Jules, our hero, has lived several lifetimes, composed well-received symphonies, and earned three Ph.D's. But he really finds himself on a visit to Disney World, Orlando. Here a finds a new lover among the employees passionately devoted to the un-revamped attractions around LIberty Square and the Haunted Mansion. Alas, even in this not particularly brave new world, hell still proves to be other people. The conniving Debra, fresh from a newly conceived Disney Beijing, has plans to bring things up to date around Liberty Square. Hiss. Boo.

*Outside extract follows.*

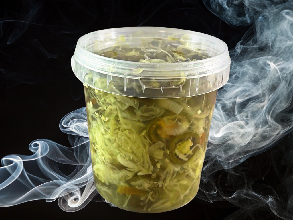 Jalapeno,vöröshagyma, káposzta, víz, só, ecet,cukor, borkén, citromsav, timsó, szemes bors, babérlevél, friss kapor, Nátrium-Benzoát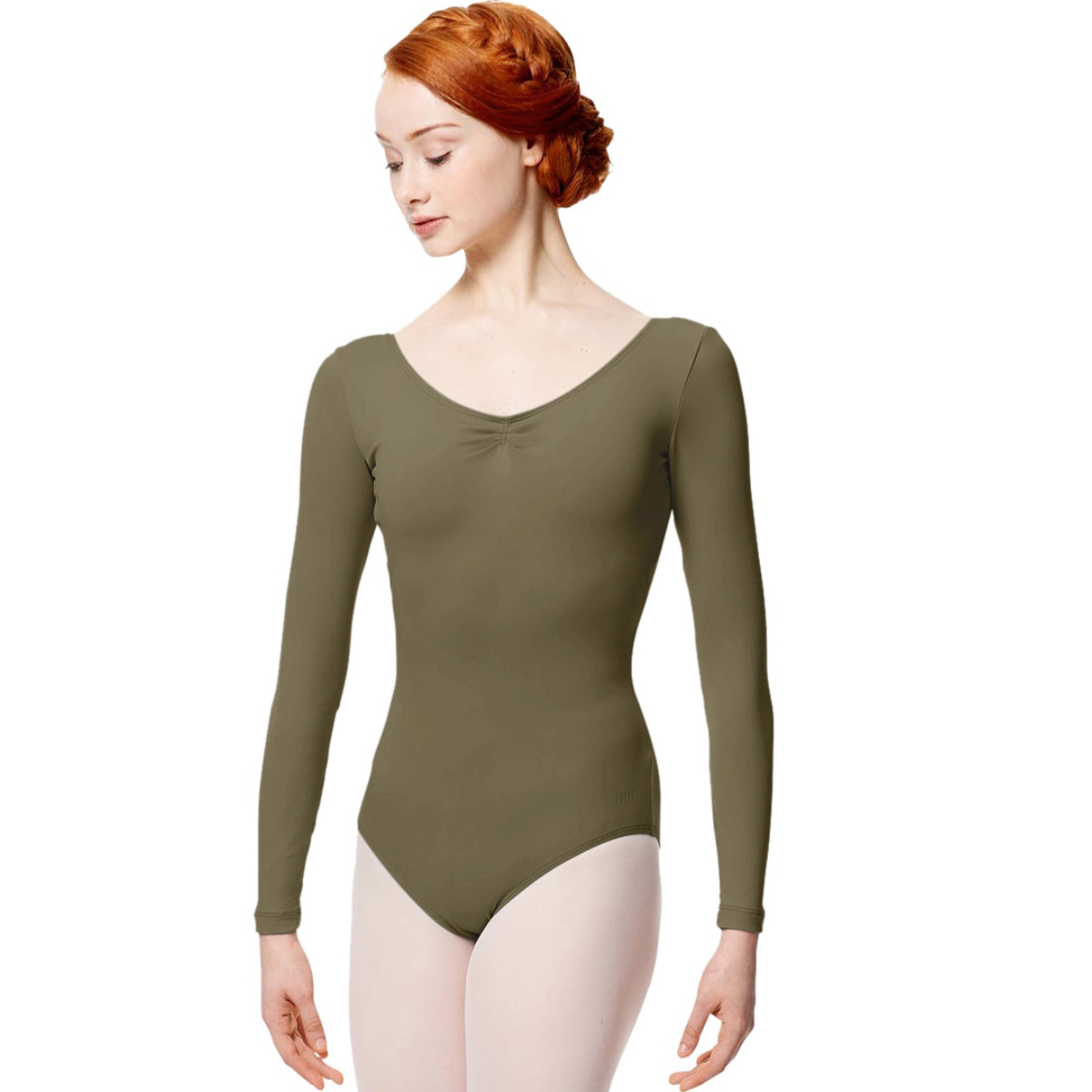 SAMANTHA - ein Balletttrikot mit langen Ärmeln. Beste Tactel Qualität, mit viel Elastan für ein wunderschönes Aussehen, Gefühl und guen Sitz. Ideale RAD-Tanzbekleidung. Viele schöne Farben im Angebot (rufe uns an wenn Du einen Spezialwunsch hast) - es ist ein sportliches Langarmtrikot mit einem kleinwenig gerafftem V-Ausschnitt vorne und mittelhohem Ausschnitt hinten.

This all sounds hopelessly lightweight for a novel, but Doctorow tells a good story and creates a convincing Bitchun society with hints of a darker side. Take away death and over-population becomes a problem. Jules previously lived in underground overflow facilities in Toronto. But since you spend most of your time in a virtual world, perhaps living a mile underground is no real burden. Off planet emigration is encouraged.  Although he does not plan to do so himself, Jules knows more and more people who a "dead heading," having their back ups stored in canopic jars for a few years, decades, or even centuries. (You can also dead head for airplane flights, the best idea in the book.) If you have really had enough of life after a century or so, free lethal injections are available at the corner drugstore. But of course everything is free.

Is Disney World the perfect emblem of the Bitchun society? Doctorow plays lightly with his ideas with a plot that poses problems for his characters, some of them over a century old, that sound like the high-tech version of the problems kids with a summer job at a theme park might run into.